Activists Voice Concern Following N. Korea's Release of US Journalists
By Jason Strother
07 August 2009
American journalists Laura Ling and Euna Lee are safely back home after more than four months imprisonment in North Korea. But human rights activists in South Korea are worried about what they may have left behind.
Laura Ling and Euna Lee were apprehended by North Korean border guards along the Chinese border in March. They were reporting on the trafficking of North Korean women who leave their impoverished homeland behind.
Human rights activists who operate in that region are concerned that when the two American journalists were picked up, they had with them the names, contact information and video footage of defectors and aid workers they met along the way.
Tim Pieters is a missionary in Seoul who oversees aid work in northeast China. He says that some journalists put North Korean refugees at risk by interviewing them.
"To tell their story, means that they're documenting that they have knowingly and at great risk to themselves left North Korea," Pieters said. "They are putting on the record that they are against the North Korean regime and let's not forget the fact to leave North Korea without any permission, without a visa, is tantamount to a capital crime."
Most refugees change their names after leaving North Korea and many refuse to have their picture taken.

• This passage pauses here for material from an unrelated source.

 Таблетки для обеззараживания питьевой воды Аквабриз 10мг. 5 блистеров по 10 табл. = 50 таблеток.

That is to protect family members, who could be punished by the Pyongyang government if it discovers their relative has defected.
China forcibly repatriates North Korea it finds on its territory. According to the testimony of other refugees, they are sent to labor camps as punishment.

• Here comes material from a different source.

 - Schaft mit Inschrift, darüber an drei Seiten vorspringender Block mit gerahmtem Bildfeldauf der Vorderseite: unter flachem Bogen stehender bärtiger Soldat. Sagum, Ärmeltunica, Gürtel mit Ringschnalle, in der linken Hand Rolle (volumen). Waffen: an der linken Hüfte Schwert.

Pieters says for now, its unclear if any of the information that Lee and Ling may have had in their possession has been put to use by the North Korean authorities.
Pieters says in the past, both the Chinese and North Korean governments have sought out and arrested aid workers who help defectors travel along the so-called underground railroad to Southeast Asia.
And the detention of Ling and Lee has forced human rights groups to change the way they operate.
"It has raised so many flags in that region, without getting into specifics, it just simply means that security measures have to be redoubled," Pieters said. "This has become such a sensitive issue, that it complicates matters immensely for protecting the refugees. It's even more necessary to take things more underground and more precautions have to be taken."
Lee, Ling and Current TV, the network they report for, have not said whether the North Korean government confiscated any of their notes or video.